Au camp nous retrouvons les Dexant, les Trouvé pour une très belle soirée organisée par l’équipe de spéléos : Moscatel, foie gras…et discours en Français et Espagnol.

Le M2 restituera un peu plus tard Eric et Gérard qui complèteront la photo de groupe. 

Mardi 19 juillet.

Equipe HS4/ grotte glacée Bernard (s) PMA, Patrice

En surface et randonnée : Isabelle, Ginette, Gil et Philippe 

Nous partons à 8 heures au HS4 avec l’équipe de pointe.
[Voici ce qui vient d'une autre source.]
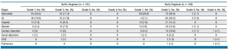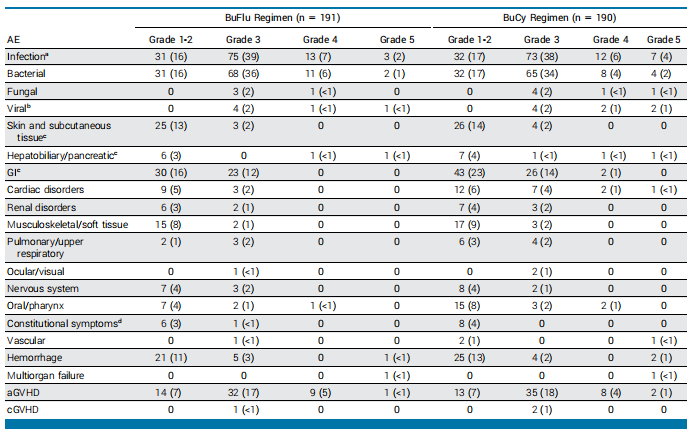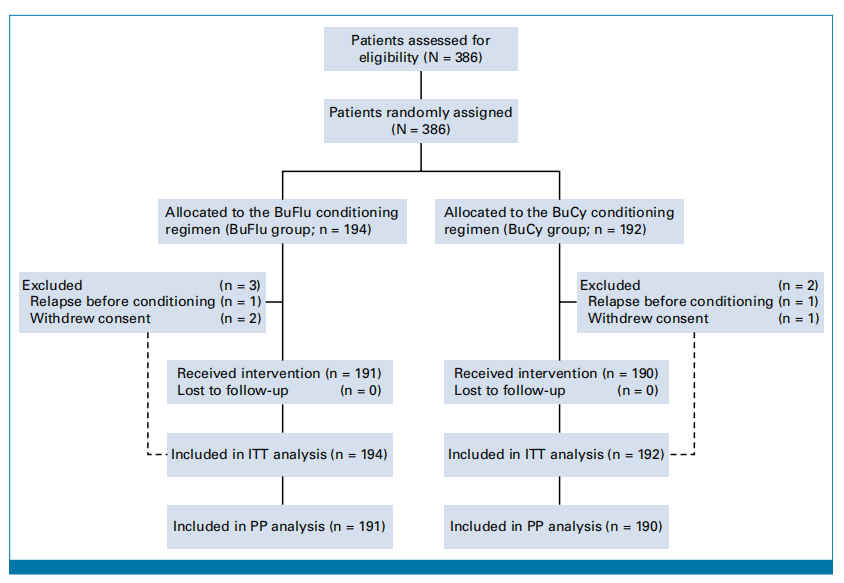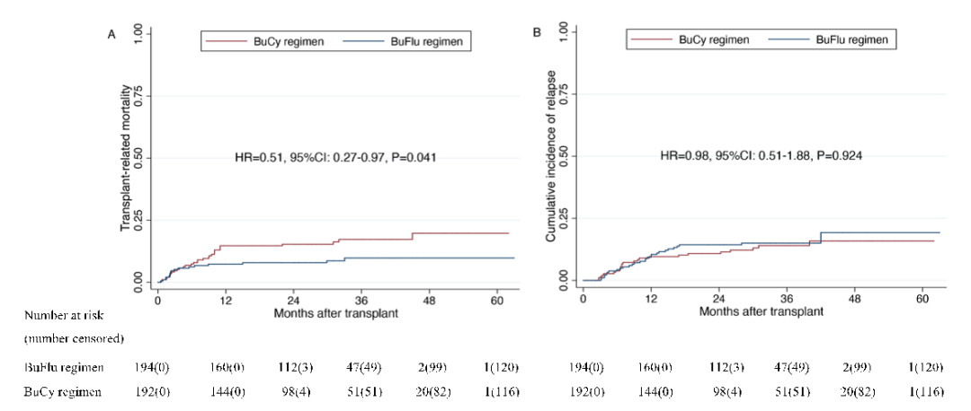 该研究共纳入AML患者386例,患者年龄18~65岁,HCT前处于完全缓解的AML(排除急性早幼粒细胞白血病),ECOG评分0~2分,无MSD和MUD但有单倍体供者、首次移植。按照1:1随机分为BuFlu或BuCy预处理组,其中BuFlu组194例、BuCy组192例。

Bernard H nous servira de guide dans la cavité pour atteindre la partie glacée, la plus accessible. 

Le parcours en surface sur le lapiaz est grandiose entre Veronica et l’entrée de la cavité : de beaux passages aériens avec un contournement possible pour nos accompagnatrices encadrées par Claude et PMA. 

La suite que nous découvrirons, cachée sous des tonnes de neige, est aussi spectaculaire. L’entrée est un vaste entonnoir réceptacle des neiges hivernales que l’on parcourt crampons aux pieds. Des parois verticales de plusieurs dizaines de mètres l’encerclent. Leurs relais sont encombrés de blocs instables. Ceux en suspens, dans les couloirs, glisseront sur la neige lorsque le soleil les atteindra.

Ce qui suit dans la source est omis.